[Opening Data to examine section]

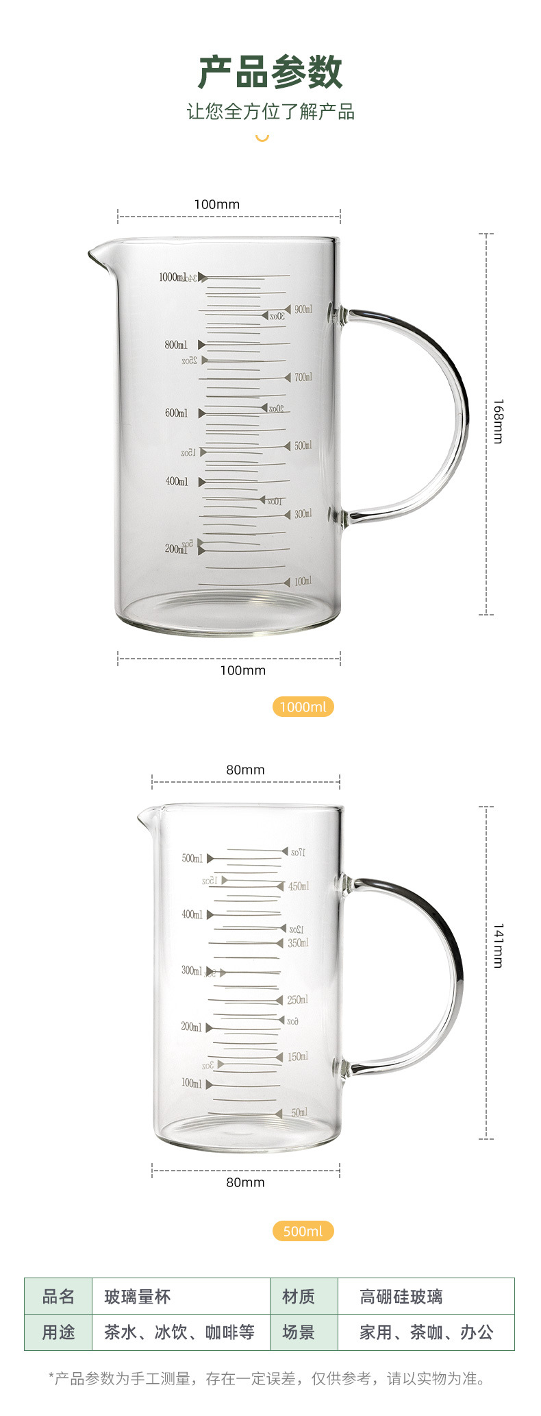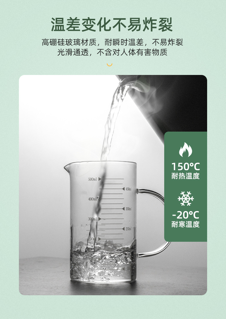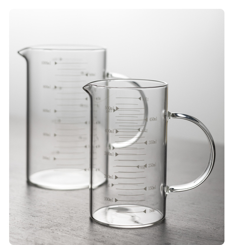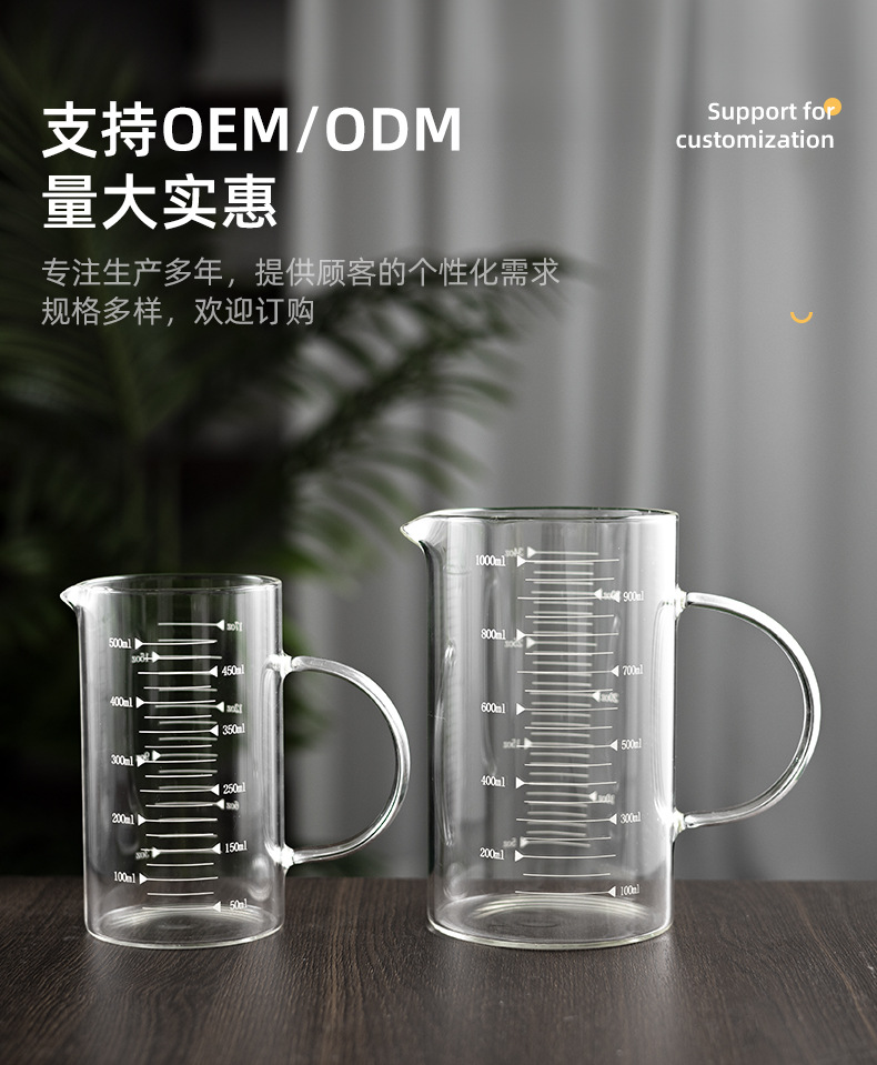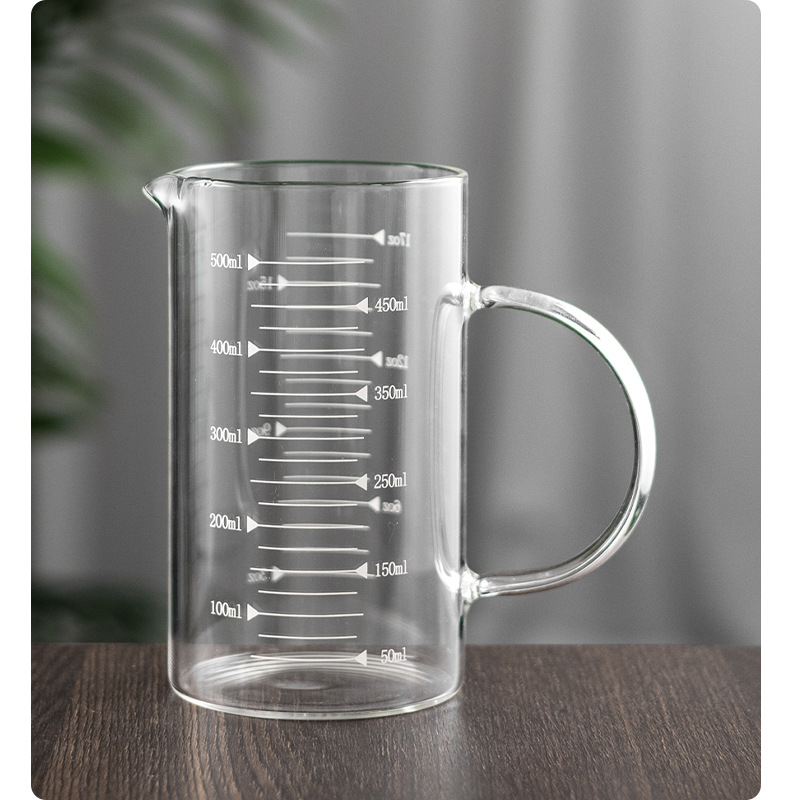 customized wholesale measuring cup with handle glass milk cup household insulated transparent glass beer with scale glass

[Closing Data to examine section]
[Opening Data to examine section]

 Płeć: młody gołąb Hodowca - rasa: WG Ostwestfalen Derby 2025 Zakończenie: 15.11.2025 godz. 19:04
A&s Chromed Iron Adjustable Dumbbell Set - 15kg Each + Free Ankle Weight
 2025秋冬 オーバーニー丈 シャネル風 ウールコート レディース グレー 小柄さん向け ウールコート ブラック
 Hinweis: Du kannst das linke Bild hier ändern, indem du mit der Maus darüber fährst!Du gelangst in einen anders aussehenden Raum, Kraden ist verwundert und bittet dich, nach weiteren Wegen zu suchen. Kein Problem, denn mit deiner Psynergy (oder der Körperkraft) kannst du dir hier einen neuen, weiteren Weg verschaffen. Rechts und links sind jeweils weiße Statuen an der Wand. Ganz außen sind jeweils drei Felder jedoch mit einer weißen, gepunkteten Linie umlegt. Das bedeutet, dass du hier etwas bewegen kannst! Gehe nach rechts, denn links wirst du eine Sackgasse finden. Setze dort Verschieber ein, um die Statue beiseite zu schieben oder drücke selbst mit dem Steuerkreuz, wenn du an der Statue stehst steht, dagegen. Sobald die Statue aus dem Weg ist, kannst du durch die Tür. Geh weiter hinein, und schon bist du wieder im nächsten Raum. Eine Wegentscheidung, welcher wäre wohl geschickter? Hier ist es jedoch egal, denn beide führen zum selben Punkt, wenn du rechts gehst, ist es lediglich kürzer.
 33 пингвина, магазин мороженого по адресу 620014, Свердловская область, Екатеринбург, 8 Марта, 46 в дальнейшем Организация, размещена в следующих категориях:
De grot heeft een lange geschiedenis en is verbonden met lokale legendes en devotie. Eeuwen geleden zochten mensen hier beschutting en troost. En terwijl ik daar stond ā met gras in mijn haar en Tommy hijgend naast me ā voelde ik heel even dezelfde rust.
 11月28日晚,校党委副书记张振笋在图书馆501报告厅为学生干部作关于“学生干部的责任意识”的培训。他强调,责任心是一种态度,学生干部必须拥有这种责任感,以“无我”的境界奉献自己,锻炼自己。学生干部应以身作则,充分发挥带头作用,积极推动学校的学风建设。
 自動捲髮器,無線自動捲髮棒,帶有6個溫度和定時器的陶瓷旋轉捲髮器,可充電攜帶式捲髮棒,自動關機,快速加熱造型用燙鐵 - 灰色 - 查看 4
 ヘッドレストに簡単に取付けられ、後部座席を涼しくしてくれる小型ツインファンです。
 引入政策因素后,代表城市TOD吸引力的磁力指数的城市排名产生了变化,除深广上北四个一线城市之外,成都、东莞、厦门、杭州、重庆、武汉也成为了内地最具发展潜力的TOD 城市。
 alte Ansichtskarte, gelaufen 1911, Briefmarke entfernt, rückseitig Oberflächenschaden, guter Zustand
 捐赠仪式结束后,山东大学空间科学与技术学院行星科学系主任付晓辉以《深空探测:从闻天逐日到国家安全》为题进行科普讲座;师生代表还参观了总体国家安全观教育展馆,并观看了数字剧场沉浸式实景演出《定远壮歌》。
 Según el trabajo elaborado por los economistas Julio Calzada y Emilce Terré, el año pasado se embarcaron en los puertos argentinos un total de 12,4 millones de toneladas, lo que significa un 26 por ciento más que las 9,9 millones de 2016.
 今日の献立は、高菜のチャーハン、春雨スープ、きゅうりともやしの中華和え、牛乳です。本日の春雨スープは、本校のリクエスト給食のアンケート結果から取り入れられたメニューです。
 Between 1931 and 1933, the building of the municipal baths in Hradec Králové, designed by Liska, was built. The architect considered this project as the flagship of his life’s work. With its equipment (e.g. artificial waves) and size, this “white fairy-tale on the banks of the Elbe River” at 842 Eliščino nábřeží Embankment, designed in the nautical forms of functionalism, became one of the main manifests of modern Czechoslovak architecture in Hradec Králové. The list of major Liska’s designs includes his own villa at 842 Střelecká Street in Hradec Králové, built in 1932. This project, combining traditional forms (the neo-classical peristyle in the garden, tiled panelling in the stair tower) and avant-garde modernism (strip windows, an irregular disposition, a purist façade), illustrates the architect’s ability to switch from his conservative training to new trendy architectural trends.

[Closing Data to examine section]

Within the data above, the lines from the one with "A&s Chromed Iron" to the one with "2025秋冬 オーバーニー丈 シャネル風" must be repeated exactly; no other line belongs in the answer.

A&s Chromed Iron Adjustable Dumbbell Set - 15kg Each + Free Ankle Weight
 2025秋冬 オーバーニー丈 シャネル風 ウールコート レディース グレー 小柄さん向け ウールコート ブラック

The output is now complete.